Reviewed by Beth Dakin.

* page/TextIndicator.cpp:
(WebCore::TextIndicator::createWithSelectionInFrame):
Null-check the ImageBuffer in addition to the Image.

Modified Paths

• trunk/Source/WebCore/ChangeLog
• trunk/Source/WebCore/page/TextIndicator.cpp

Diff

Modified: trunk/Source/WebCore/ChangeLog (176616 => 176617)

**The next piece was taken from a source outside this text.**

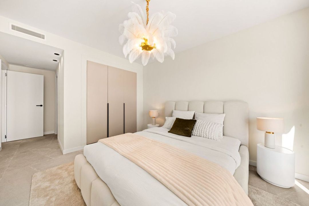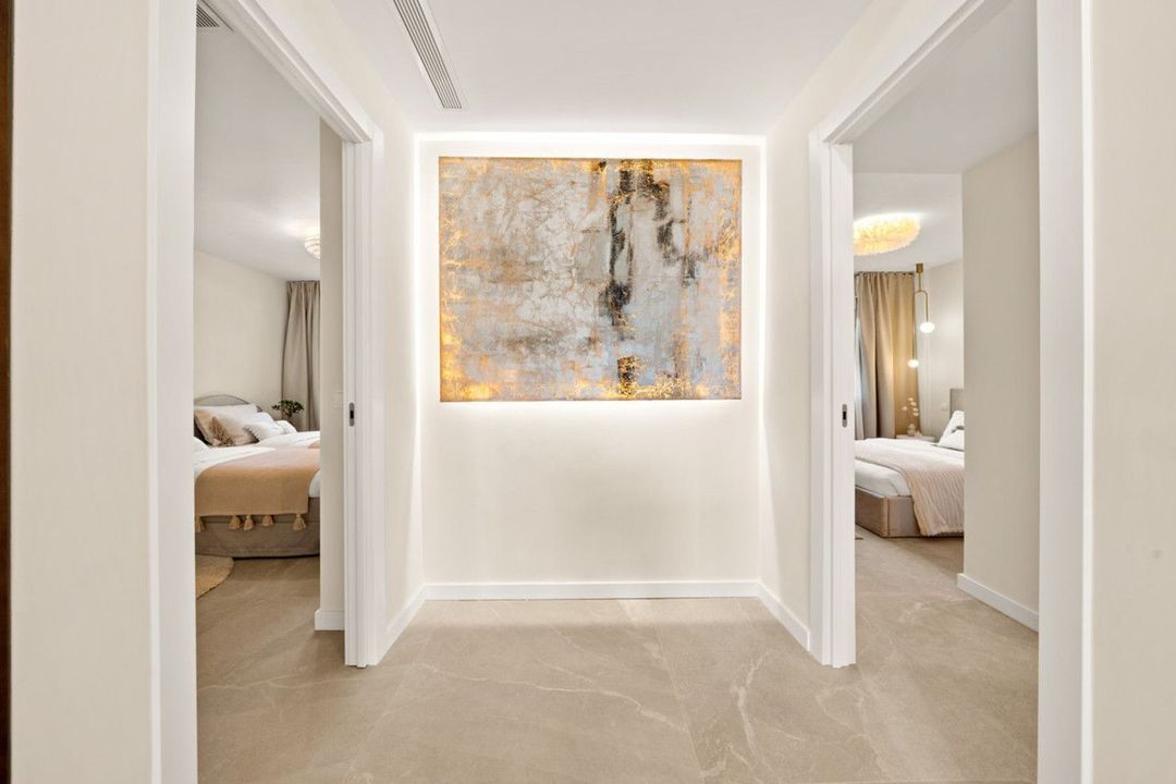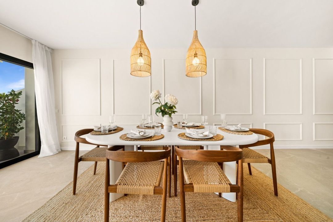 Met oog voor detail gerenoveerd, beschikt de woning over een lichte open indeling met aparte zones om te ontspannen, dineren en socialiseren. De volledig uitgeruste keuken heeft warme eiken details en een centraal eiland, en sluit naadloos aan op een groot terras. Vanaf hier geniet u van adembenemende uitzichten op de golfbaan en het meer, de La Concha-berg en de Middellandse Zee.

--- trunk/Source/WebCore/ChangeLog	2014-12-02 01:16:04 UTC (rev 176616)
+++ trunk/Source/WebCore/ChangeLog	2014-12-02 01:29:43 UTC (rev 176617)
@@ -1,3 +1,15 @@
+2014-12-01  Tim Horton  <timothy_hor...@apple.com>
+
+        Null deref under TextIndicator::createWithSelectionInFrame using find-in-page on bugzilla
+        https://bugs.webkit.org/show_bug.cgi?id=139164
+        <rdar://problem/19107247>
+
+        Reviewed by Beth Dakin.
+
+        * page/TextIndicator.cpp:
+        (WebCore::TextIndicator::createWithSelectionInFrame):
+        Null-check the ImageBuffer in addition to the Image.
+
 2014-12-01  Anders Carlsson  <ander...@apple.com>
 
         Remove IWebCookieManager on Windows

Modified: trunk/Source/WebCore/page/TextIndicator.cpp (176616 => 176617)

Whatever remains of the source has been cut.